Wednesday, June 28, 2006

 

Report from Santa Barbara Writers Conference

I travelled up here to Santa Barbara with two main objectives: to test fly my book concept with agents and to expose my first chapter to practiced writers for critique. I've gotten good news and bad.

The first agent I spoke with, a man who deals equally with book and movie projects, was immediately hooked with the storyline. "That's perfect for HBO or Showtime, with a special cast," he responded, with wide smile and bright eyes. "Do you write scripts as well?" he asked. When told the project would need a scriptwriter, he shrugged that off: no problem. "When can you get the completed book manuscript to me?" he followed up. GULP. Next spring, I ventured. OK, he said, "I'll be waiting for it."

The agent's response was exactly what I wanted to hear. I'd put him on my short-list because of his experience with film as well as books, and I was curious if he would himself suggest the story is ripe for a feature film or TV production.

The other agents I spoke with, either in one-to-one conversation or in a workshop wanted to hear or read a sample of my writing. "Dense," was the universal judgment of the chapter from the middle of the book. By that, I deduced they meant too academic, too burdened down with the details I've uncovered which slow down the pace of the story. "Extraordinary!" "Can't wait to read it!" These were the reactions to my Prologue, which uses detail to tease interest in the characters and circumstances of the story.

My challenge is reconfirmed: I have a great story to work with, but hobbled by limited first-person accounts. It's a difficult story to write because of the huge gaps in documented information. The temptation to invent scenes, flesh out characters from informed imagination is strong.

Yet, coming from my training long ago as a historian, I really yearn to share every detail arduously dug out of reluctant archives.

So, my dilemma continues...

Tuesday, June 06, 2006

 

The Continum of Written History

There are a number of different genres within the broad field of written history: academic history, popular history, historical fiction, family history, memoirs and perhaps others. I am beginning to see the virtue of dialogue among practitioners of these very different approaches to history: we have a lot to learn from each other.

Just yesterday, I was intrigued to learn about the North American Historical Novel Society, which held its first conference in April 2005 in Salt Lake City. The kick-off speaker on opening night was Jack Whyte, who admonished the assembled writers, “Just tell a story, Forget trying to write classic literature. Keep it simple.”

The Society's second conference, by the way, is scheduled for early June 2007 in Albany, NY.

Whyte's advice brings back to mind several conversations I had about six months ago with two friends with long experience in the book publishing business. Both knew about the three years of research I've done and the general theme of the story. And both told me, "Stop focussing on research. Write!" And they both followed up with advice: emphsize character and action; historical detail is less important.

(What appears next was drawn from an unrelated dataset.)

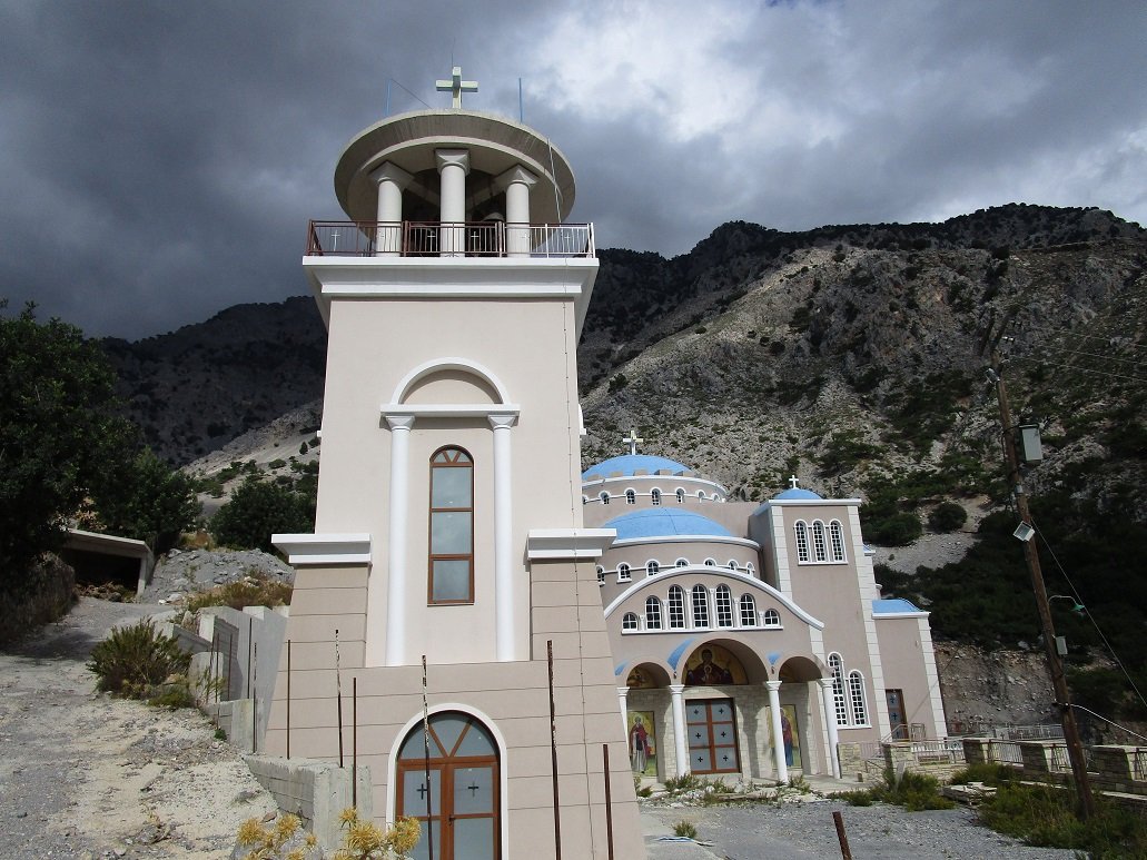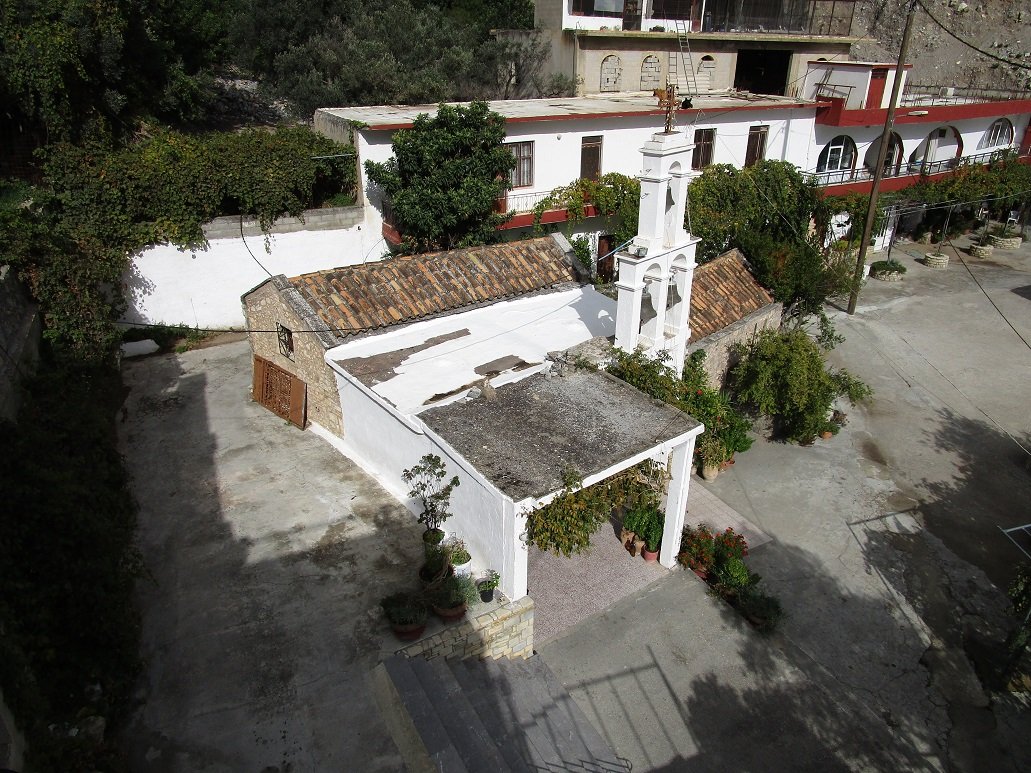 Oorspronkelijk was het klooster een soort dependance van het nabijgelegen Varsamonero klooster en het werd uiteindelijk verlaten. Nu is het grootste gedeelte van het Agios Nikolaos klooster een moderne aangelegenheid. Het is heel groot en de verf was in 2017 nog niet opgedroogd. Er waren ook nog stukken die nog niet af waren gebouwd, dus het klooster wordt nog groter. Het klooster van Agios Nikolaos heeft een grote en een aantal kleinere blauwe koepels en hij is versierd met mooie mozaieken. De klokkentoren staat los en is voorzien van een aantal klokken en een lichtblauwe koepel die op pilaren staat.

I found that advice very unsettling. It did, however, come at a crucial stage, just as I myself was beginning to write the first draft of a book proposal and to undertake a search for a literary agent. Over intervening months, I've struggled with issues of "how" to write history.

Google led me to a few websites that mention the difference between academic history and popular history. My meanderings through bookstore shelves have put into my hands quite a number of books about seafaring expeditions, naval battles, shipwrecks, even medical history that fall into the same kind of territory I'm beginning to write about. Many of those books are clearly of the "popular" variety. I do not find them satisfying.

Nor do I find much of academic histories very engaging either.

I'm beginning to understand that I wish to occupy that space somewhere between the "popular" and the "academic." Nathaniel Philbrick, whom I've mentioned in an earlier post, is this kind of historian. Rigorous in research, faithful in his retelling of events, accurate in his quotations, yet very well written -- a genuinely good read. That's what I hope to accomplish.

One would think, with my lifetime of writing, teaching and fascination with cultural history, that I would not be fidgeting so much about the writing process I'm engaged in. At the core of my problem is inadequate documentation: while the timeline of my story is quite well documented in archives in Spain, the Canary Islands, the Caribbean countries, Mexico, the Philippines and even Macao, almost nothing is known about the characters themselves. While there are plenty of officials letters describing the highlights of events, there is no true first-hand account from any of the participants or their contemporaries. And, in many ways, the story becomes very repetitious and boring after awhile.

All of these deficiences in the record encourage one to "fill in the blanks" with invented description and dialogue, with characterizations drawn out of thin air. I'm not satisfied with that.

Consequently, my research has reached far beyond the story itself, searching out corollary information. For example, when my main character is caught in a frightening and destructive typhoon at sea, I've turned to a description of such a storm by a contemporary in the same waters. It took months and lots of patience to find that description. I've been writing up that section of the story over the past few days, finally with enough detail and drama to satisfy the demanding historian in me. Altogether, it amounts to little more than a page of single-space text. Whew! So much work, so few words to show for it!